Friday, April 19, 2024

Effort Launched to Make Maya Angelou’s St. Louis Home a Landmark

Maya Angelou St Louis House
This June 10, 2015 photo shows the house in St. Louis, Missouri, where writer Maya Angelou was born and lived until she was three years old. An effort is underway by a preservation group to have the 1,300-square-foot, 127-year-old home designated a local landmark. (Robert Cohen/St. Louis Post-Dispatch via AP) MANDATORY CREDIT

*A little more than a year since Maya Angelou died at the age of 86 in North Carolina, an effort has begun in St. Louis to get her 1,300-square-foot childhood home at 3130 Hickory St. designated as a local landmark, the St. Louis Post-Dispatch reported Friday.

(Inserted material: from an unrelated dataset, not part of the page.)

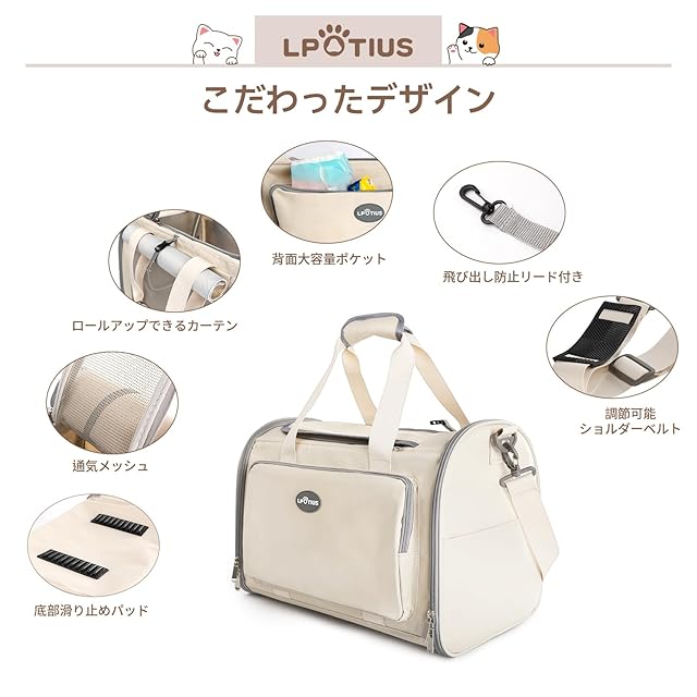 商品名:LPOTIUS ペットキャリー バッグ 折り畳み 2way 猫 小型犬 キャリーバッグ 軽量 3面通気 洗える 猫 キャリー 犬用キャリーバック 飛び出し防止リード付き ペット用 キャリーケース ベルト脱着可能 お出かけ 車載 旅行 通院 電車移動 災害避難に最適 耐荷重8KG (エクリュ)

The 127-year-old house is currently owned by Ronda Wright, 34, who hung on to it five years after transferring to Texas. She had considered selling it, but instead converted to a rental given the soft real-estate market. She’s unsure, however, what to do if the home that had belonged to Angelou’s maternal grandparents when she was born in 1928 receives its new designation.

Angelou lived there for three years before she and an older brother were sent to live with a paternal grandmother in Arkansas after their parents’ marriage collapsed.

“I feel that responsibility, and I’m OK with that,” Wright said of pursuing a landmark designation. “I think I will have some kind of plaque on the home, small and tasteful. I really have to figure out what is next after that, which is still a question mark for me.”

The head of the group Landmarks Association of St. Louis, Andrew Weil, said the house likely wouldn’t be eligible for the National Register of Historic Places because it isn’t a place where Angelou produced any of her famous writings.

But Weil suggested to Wright that the residence be designated as a city landmark — something bestowed 125 times so far in St. Louis on an eclectic mix of things such as the Eads Bridge, the Jack Buck statue at Busch Stadium, and the Old Post Office.

An ordinance required for such a designation for the Angelou home is making its way through the city’s Board of Aldermen, with the measure’s sponsor — Alderwoman Marlene Davis — believing it should become official by the end of June.